Carolina North still facing difficulties

Financial strain delays construction

Despite more than 12 years of planning, officials still aren’t sure when construction will start on a campus expected to be a “world-class magnet.”

Jack Evans, executive director of Carolina North, said plans for construction of the satellite campus’ first building, the Innovation Center, have been delayed due to the state’s financial troubles.

“The state of the economy, the state of the credit market and the state of the state’s budget — all of those affect the various things that we want to do with Carolina North,” Evans said. “That includes the Innovation Center.”

Evans said the Carolina North annual report will describe in detail the financial difficulties that have afflicted the project and led to its delayed construction.
University officials have until 5 p.m. today to submit the report to the Town of Chapel Hill Planning Department.

Carolina North is a 250-acre mixed-use campus situated two miles north of UNC off of Martin Luther King Jr. Boulevard.

The project is designed to bring global leaders in research, entrepreneurship and academics to the state.

The Innovation Center has been slated to house high-growth start-up companies with links to UNC research.

Evans said the annual report also mentions that there has been no development activity at the site, nor is there any planned to begin for the rest of the fiscal year.

“The state of the economy has affected everything related to Carolina North,” he said. “That also includes our hopes to build a new building for the law center.”

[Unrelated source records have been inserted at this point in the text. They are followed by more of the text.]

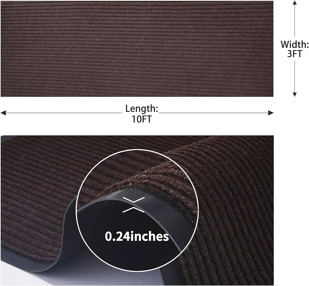 【Easy to Cut and Clean】The Striped Doormat size: 3'x10, thickness 7mm.Can be cut to any size with scissors suit for all kinds of corner or shape as you want ,without any pieces loose.Easily vacuum, broom, shake off, or rinse with water to remove buildup. For heavier dirt or deeper cleaning, use a hose and gentle soap to rinse the woven fibers,and hang outside will dry more quickly.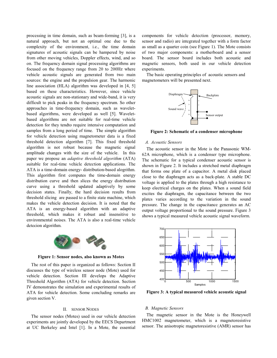 本文的其余部分内容如下:第二部分讨论了用于车辆检测的无线传感器节点(Mote)的类型。 第三部分开发了用于车辆检测的自适应阈值算法(ATA)。 第四节演示了ATA车辆检测的仿真和实验结果。第五节是一些结语。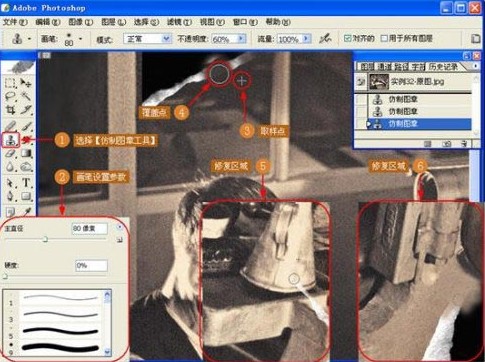 6、修复残缺图像。使用【仿制图章工具】修复照片残缺部分,如下图所示。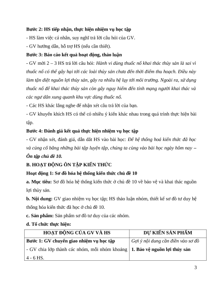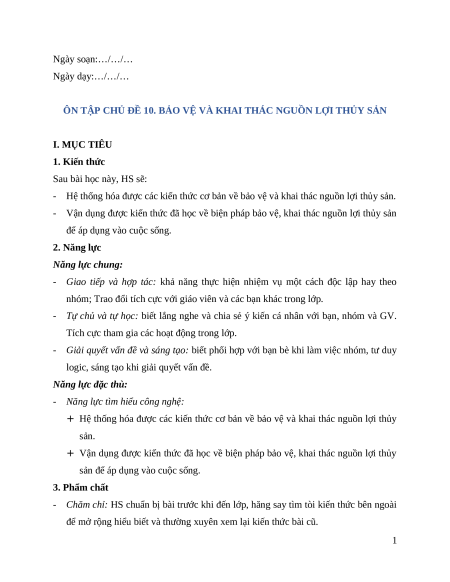 ÔN TẬP CHỦ ĐỀ 10. BẢO VỆ VÀ KHAI THÁC NGUỒN LỢI THỦY SẢN I. MỤC TIÊU 1. Kiến thức Sau bài học này, HS sẽ: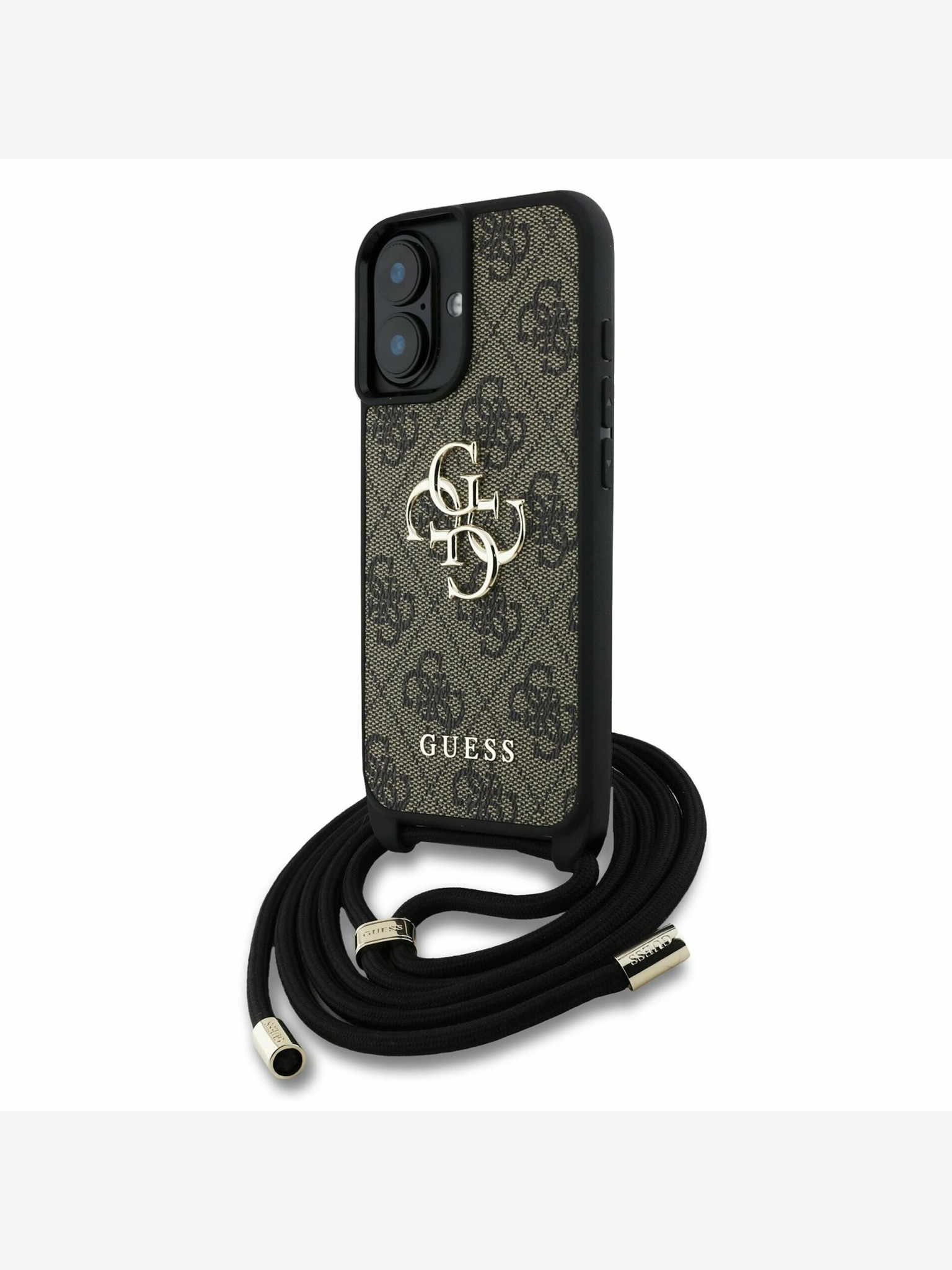 Guess PU 4G Metal Logo Strap Stražnji Poklopac za iPhone 16 Smeđi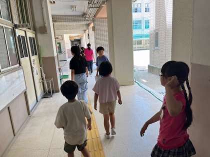 6月14日(金)3時間目、たてわりなかよし集会がおこなわれました。たてわり班で粉浜フェスティバルで行きたい店を話し合い、ろうかを班で歩く練習をしていました。

The UNC School of Law became the first academic unit to commit to the satellite campus when the school’s dean, Jack Boger, announced the decision in February 2008.

At the time, construction on the school’s new building at Carolina North was predicted to wrap by 2012.

“We hope the state will fund that, but in the current state of the state treasury, that obviously didn’t happen in the last legislative session, and that’s probably not going to happen in the next,” Evans said.

After an Aug. 12 public meeting, Mary Jane Nirdlinger, assistant director of the planning department, said the committee tasked with picking out a path planned to recommend a 3.3 mile-long route to connect the two campuses.

Although the track, dubbed “Route A,” is the longest, Nirdlinger said it is the flattest and would also likely be the least expensive.